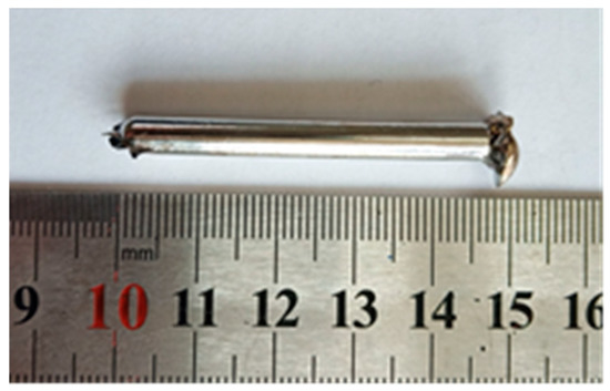 The arc-melted alloy was loaded into a quartz crucible with a hole (about 1 mm diameter) in the center of the base, which was then placed into a single roll melt-spinner. The top end of the crucible was connected with the high-pressure gas line. The copper roller for melt-spinning was removed and replaced by the copper mold. During the casting process, the crucible had two fixed working positions for melting and ejecting the liquid alloys. Therefore, before evacuating the chamber, the crucible was adjusted to the appropriate position to make sure that during the heating step, the section of the crucible with the alloy was surrounded by the radio-frequency (RF) coil and, during the ejecting step, the bottom of the crucible was right above the copper mold with the distance being about 0.3 mm. The system was then evacuated to a pressure of 3 × 10−3 Pa for induction heating. A reflective mirror, in line with the axis of the crucible, was fixed on the top of the instrument to determine the melting process of the alloy. Once the alloy was melted, the crucible was instantly dropped down to the “ejecting position” and the melt was rapidly ejected into the mold immediately with high-pressure argon. A series of cylindrical alloy rods with a diameter of 5 mm and a length of 10 mm were fabricated, as is shown in Figure 1.
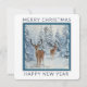 Unique Christmas card with a white winter forest scene with deer along with Merry Christmas & Happy New Year holiday design on a unique shaped square card! Edit your name on the back and the current year on the front.
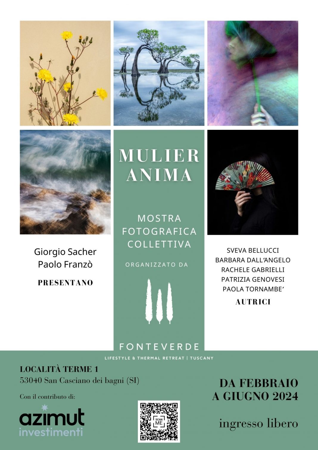 Giorgio Sacher e Paolo Franzò presentano al Fonteverde Lifestyle & Thermal Retreat una mostra fotografica collettiva di cinque autrici, dal titolo “Mulier Anima” per offrire al pubblico del centro termale la fotografia d’autore; sensibilità, intimità, ricerca del rapporto persona-natura, con espressioni di sentimento e spirito “gentile”, con dettagli e colori evidenti. Chiaro il riferimento alla Storia della lingua latina e l’italiano prima “volgare” nato nei luoghi della Toscana.

## Aim of the task
Without any pictures, print the whole listing again exactly as it stands.

## Solution to this problem
 The arc-melted alloy was loaded into a quartz crucible with a hole (about 1 mm diameter) in the center of the base, which was then placed into a single roll melt-spinner. The top end of the crucible was connected with the high-pressure gas line. The copper roller for melt-spinning was removed and replaced by the copper mold. During the casting process, the crucible had two fixed working positions for melting and ejecting the liquid alloys. Therefore, before evacuating the chamber, the crucible was adjusted to the appropriate position to make sure that during the heating step, the section of the crucible with the alloy was surrounded by the radio-frequency (RF) coil and, during the ejecting step, the bottom of the crucible was right above the copper mold with the distance being about 0.3 mm. The system was then evacuated to a pressure of 3 × 10−3 Pa for induction heating. A reflective mirror, in line with the axis of the crucible, was fixed on the top of the instrument to determine the melting process of the alloy. Once the alloy was melted, the crucible was instantly dropped down to the “ejecting position” and the melt was rapidly ejected into the mold immediately with high-pressure argon. A series of cylindrical alloy rods with a diameter of 5 mm and a length of 10 mm were fabricated, as is shown in Figure 1.
 Unique Christmas card with a white winter forest scene with deer along with Merry Christmas & Happy New Year holiday design on a unique shaped square card! Edit your name on the back and the current year on the front.
 Giorgio Sacher e Paolo Franzò presentano al Fonteverde Lifestyle & Thermal Retreat una mostra fotografica collettiva di cinque autrici, dal titolo “Mulier Anima” per offrire al pubblico del centro termale la fotografia d’autore; sensibilità, intimità, ricerca del rapporto persona-natura, con espressioni di sentimento e spirito “gentile”, con dettagli e colori evidenti. Chiaro il riferimento alla Storia della lingua latina e l’italiano prima “volgare” nato nei luoghi della Toscana.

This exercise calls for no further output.